— What the exercise asks —
Please repeat the whole listing exactly, but leave out any picture it holds.

— Exercise data —
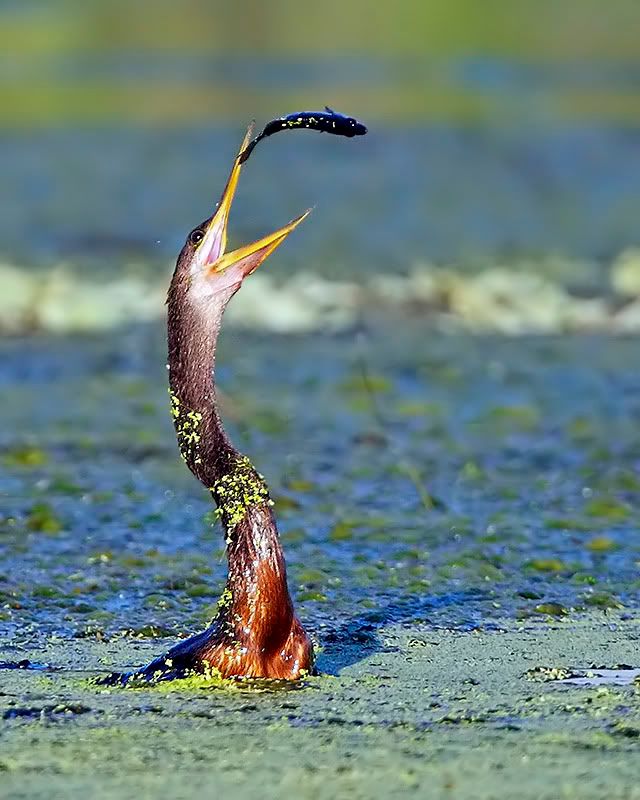 These guys like to toss their catch up in the air, so well timed whilst steering your boat Mike. Overall sharp, and I like the duckweed stuck on his neck. Great capture.
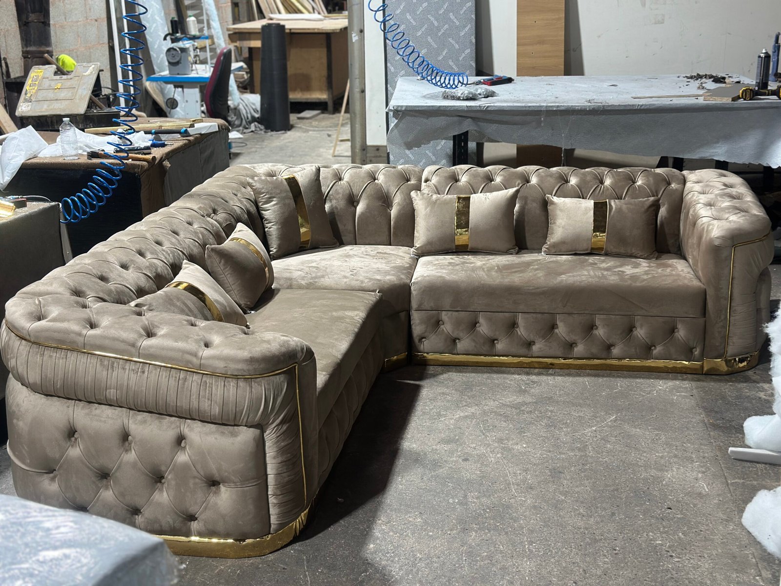 ⸻ ✨ Chesterfield Corner Sofa – Plush Velvet (White) ✨ Add a touch of elegance and luxury to your living room with this stunning Chesterfield Corner Sofa. Upholstered in premium plush velvet, this sofa offers both exceptional comfort and a rich, stylish look. ✔ Soft White Plush Velvet – Smooth, elegant and luxurious finish ✔ Classic Chesterfield Design – Deep button tufting and rolled arms for a timeless royal look ✔ Comes in 3 Easy-to-Join Parts – Simple to move, deliver, and assemble at home ✔ Standard Size: 240cm × 240cm – Perfect fit for most living room layouts ✔ Comfortable Back & Seat Cushions – Designed for everyday support and relaxation ✔ Strong & Durable Frame – Built to last with long-term stability
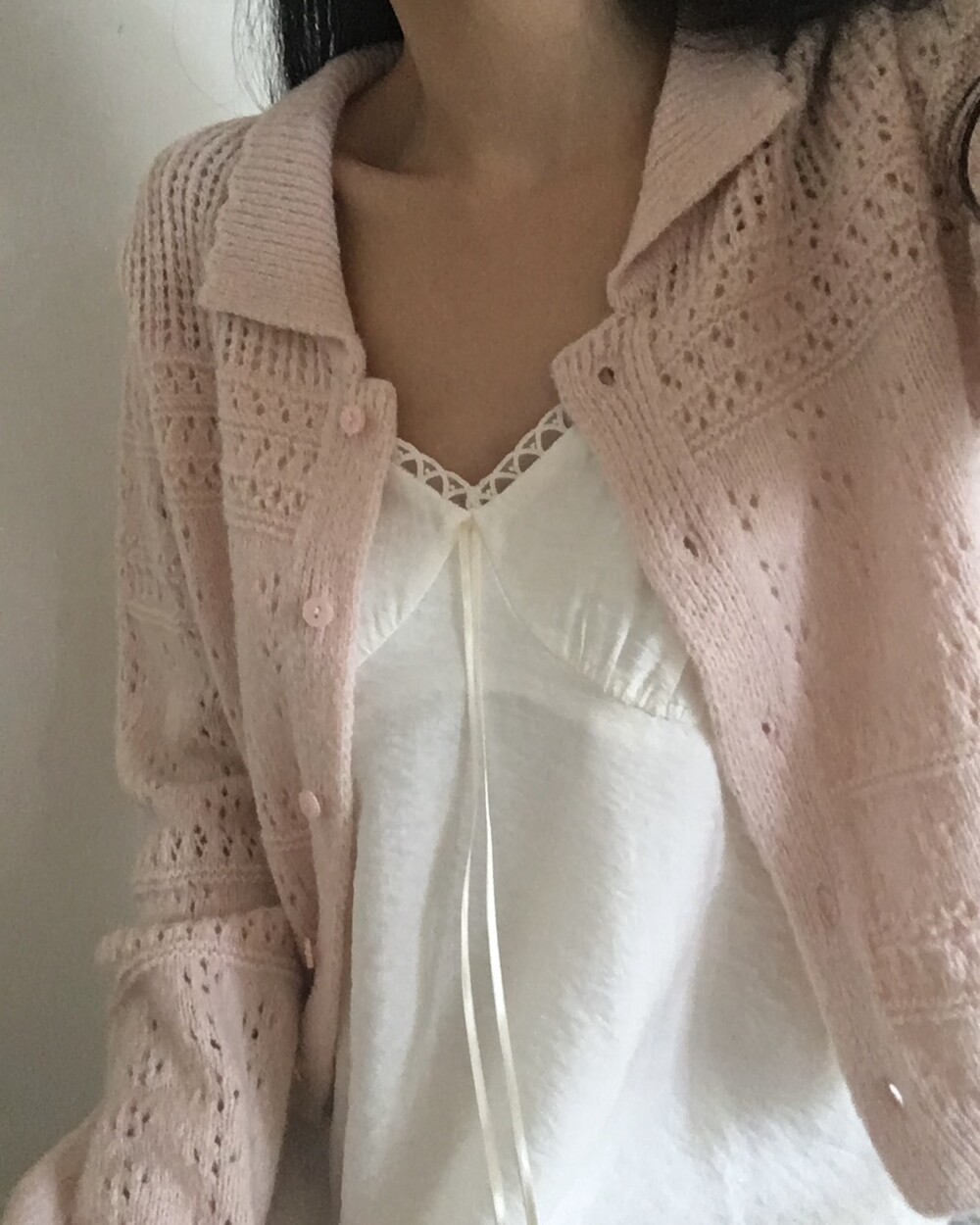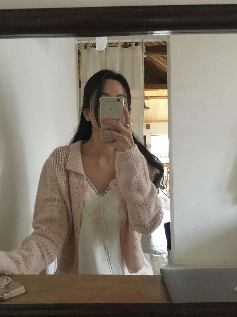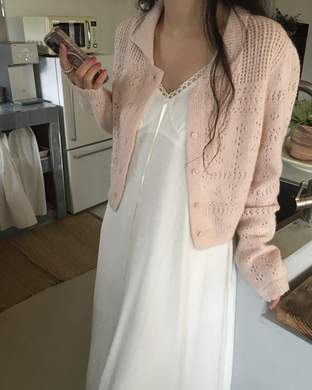 넥 라인과 암홀까지 레이스 디테일이 더해지고, 가슴 부분에 다트와 절개선이 있어 부드럽고, 몸이 더 슬림해 보이는 느낌이 듭니다.

— Answer box —
 These guys like to toss their catch up in the air, so well timed whilst steering your boat Mike. Overall sharp, and I like the duckweed stuck on his neck. Great capture.
 ⸻ ✨ Chesterfield Corner Sofa – Plush Velvet (White) ✨ Add a touch of elegance and luxury to your living room with this stunning Chesterfield Corner Sofa. Upholstered in premium plush velvet, this sofa offers both exceptional comfort and a rich, stylish look. ✔ Soft White Plush Velvet – Smooth, elegant and luxurious finish ✔ Classic Chesterfield Design – Deep button tufting and rolled arms for a timeless royal look ✔ Comes in 3 Easy-to-Join Parts – Simple to move, deliver, and assemble at home ✔ Standard Size: 240cm × 240cm – Perfect fit for most living room layouts ✔ Comfortable Back & Seat Cushions – Designed for everyday support and relaxation ✔ Strong & Durable Frame – Built to last with long-term stability
 넥 라인과 암홀까지 레이스 디테일이 더해지고, 가슴 부분에 다트와 절개선이 있어 부드럽고, 몸이 더 슬림해 보이는 느낌이 듭니다.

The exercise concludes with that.